Non-judges in the candidate pool include Sherrilyn Ifill, president and director-counsel of the NAACP Legal Defense and Education Fund, where she has worked for voting rights and against job discrimination and police brutality.

Some racist Republican senators are already preemptively attacking Biden’s nominee. Roger Wicker (R-Mississippi) said in a radio interview that anyone Biden chooses would be a beneficiary of “affirmative racial discrimination.”

Sen. Elizabeth Warren (D-Massachusetts) told HuffPost, “The Republicans have already moved beyond racial dog whistles and directly to racial sirens. They’ve done it for a Supreme Court nominee before anyone has been named,” adding that they “have decided they would rather stir up an ugly portion of their base rather than try to evaluate these candidates on their own.”
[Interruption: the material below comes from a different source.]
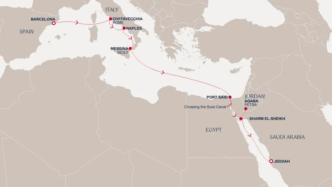 Маршрут круиза: Барселона - море - Чивитавеккья / Рим - Неаполь / Помпеи - Мессина, о. Сицилия - море - море - Порт-Саид - Суэцкий Канал - Суэцкий Канал - Шарм-эль-Шейх - Лимасол - Акаба - море - Джидда

But fortunately, the filibuster does not apply to Supreme Court nominees. All Democrats and some GOP senators, including Collins, Graham and Murkowski, will probably support Biden’s choice. Childs, however, may well be the front-runner, with Clyburn pulling out all the stops to get her on the court. As Annie Karji wrote in The New York Times, “It is a blatant effort to call in a political favor in the form of a lifetime appointment to the nation’s highest court and, perhaps, the most consequential test yet of the Biden-Clyburn relationship.”

Now is the time for activists to make their voices heard and push for a truly progressive Supreme Court justice who will likely serve for decades.